* _Prompt_
Only the pictures are to be left out; set down the rest of the records exactly.

[Entries taken from a collection]
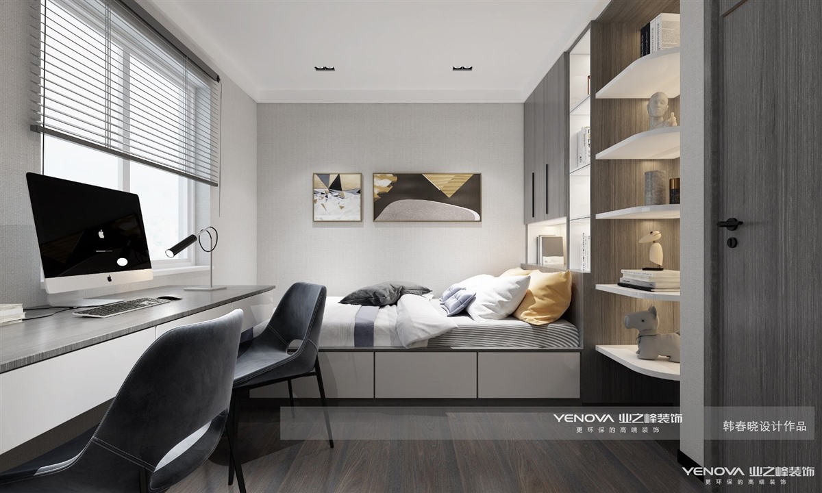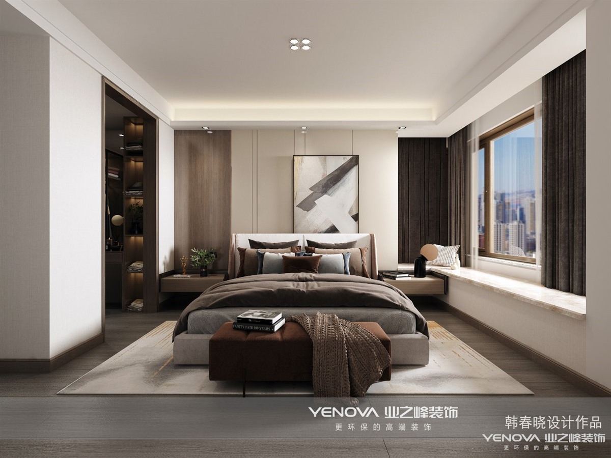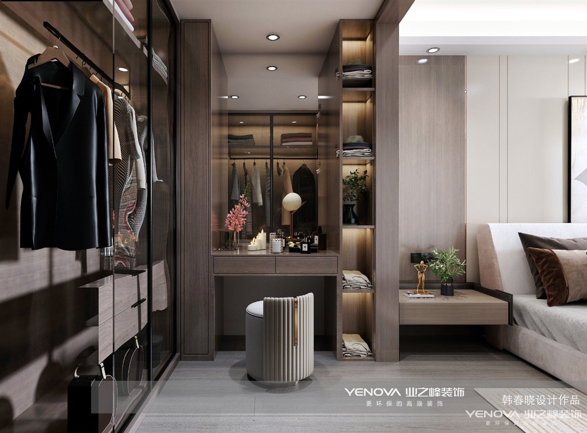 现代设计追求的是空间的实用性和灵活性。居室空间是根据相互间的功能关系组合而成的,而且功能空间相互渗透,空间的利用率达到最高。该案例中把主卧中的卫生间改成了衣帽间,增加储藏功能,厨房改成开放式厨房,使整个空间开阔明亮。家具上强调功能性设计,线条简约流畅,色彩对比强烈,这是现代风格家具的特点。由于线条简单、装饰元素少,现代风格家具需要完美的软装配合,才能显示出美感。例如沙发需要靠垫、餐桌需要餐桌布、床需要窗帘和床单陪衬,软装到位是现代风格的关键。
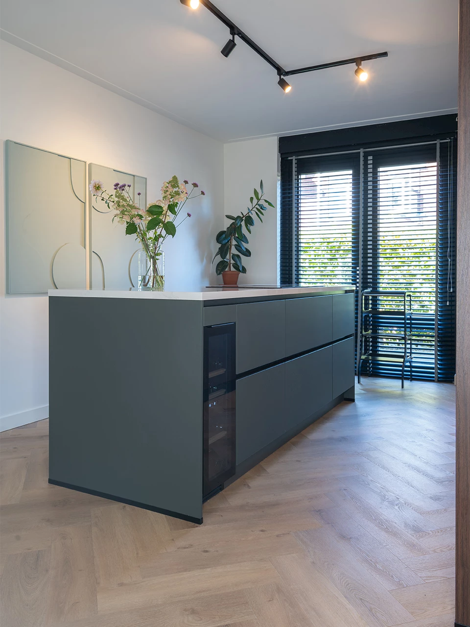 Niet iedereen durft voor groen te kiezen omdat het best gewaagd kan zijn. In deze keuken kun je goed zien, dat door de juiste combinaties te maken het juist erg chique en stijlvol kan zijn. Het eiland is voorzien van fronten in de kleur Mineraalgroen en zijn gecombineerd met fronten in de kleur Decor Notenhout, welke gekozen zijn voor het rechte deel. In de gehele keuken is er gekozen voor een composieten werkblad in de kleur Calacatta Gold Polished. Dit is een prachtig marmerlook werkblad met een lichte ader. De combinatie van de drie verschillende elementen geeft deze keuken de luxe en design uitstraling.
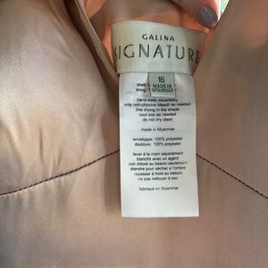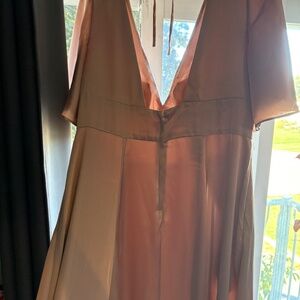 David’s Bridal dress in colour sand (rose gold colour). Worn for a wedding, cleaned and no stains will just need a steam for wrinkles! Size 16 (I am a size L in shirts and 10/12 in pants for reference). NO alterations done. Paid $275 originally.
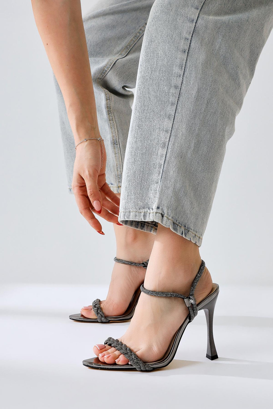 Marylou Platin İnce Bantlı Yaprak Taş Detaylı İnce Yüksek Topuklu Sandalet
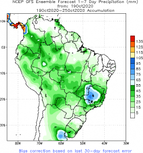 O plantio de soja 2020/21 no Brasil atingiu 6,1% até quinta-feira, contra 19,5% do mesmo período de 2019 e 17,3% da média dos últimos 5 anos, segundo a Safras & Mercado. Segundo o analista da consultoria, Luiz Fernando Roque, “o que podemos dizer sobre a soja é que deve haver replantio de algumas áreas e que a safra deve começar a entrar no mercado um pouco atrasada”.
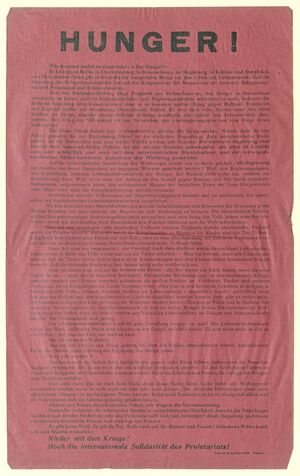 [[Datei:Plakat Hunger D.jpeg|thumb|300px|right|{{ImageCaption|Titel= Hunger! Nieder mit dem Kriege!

* _Answer space_
 现代设计追求的是空间的实用性和灵活性。居室空间是根据相互间的功能关系组合而成的,而且功能空间相互渗透,空间的利用率达到最高。该案例中把主卧中的卫生间改成了衣帽间,增加储藏功能,厨房改成开放式厨房,使整个空间开阔明亮。家具上强调功能性设计,线条简约流畅,色彩对比强烈,这是现代风格家具的特点。由于线条简单、装饰元素少,现代风格家具需要完美的软装配合,才能显示出美感。例如沙发需要靠垫、餐桌需要餐桌布、床需要窗帘和床单陪衬,软装到位是现代风格的关键。
 Niet iedereen durft voor groen te kiezen omdat het best gewaagd kan zijn. In deze keuken kun je goed zien, dat door de juiste combinaties te maken het juist erg chique en stijlvol kan zijn. Het eiland is voorzien van fronten in de kleur Mineraalgroen en zijn gecombineerd met fronten in de kleur Decor Notenhout, welke gekozen zijn voor het rechte deel. In de gehele keuken is er gekozen voor een composieten werkblad in de kleur Calacatta Gold Polished. Dit is een prachtig marmerlook werkblad met een lichte ader. De combinatie van de drie verschillende elementen geeft deze keuken de luxe en design uitstraling.
 David’s Bridal dress in colour sand (rose gold colour). Worn for a wedding, cleaned and no stains will just need a steam for wrinkles! Size 16 (I am a size L in shirts and 10/12 in pants for reference). NO alterations done. Paid $275 originally.
 Marylou Platin İnce Bantlı Yaprak Taş Detaylı İnce Yüksek Topuklu Sandalet
 O plantio de soja 2020/21 no Brasil atingiu 6,1% até quinta-feira, contra 19,5% do mesmo período de 2019 e 17,3% da média dos últimos 5 anos, segundo a Safras & Mercado. Segundo o analista da consultoria, Luiz Fernando Roque, “o que podemos dizer sobre a soja é que deve haver replantio de algumas áreas e que a safra deve começar a entrar no mercado um pouco atrasada”.
 [[Datei:Plakat Hunger D.jpeg|thumb|300px|right|{{ImageCaption|Titel= Hunger! Nieder mit dem Kriege!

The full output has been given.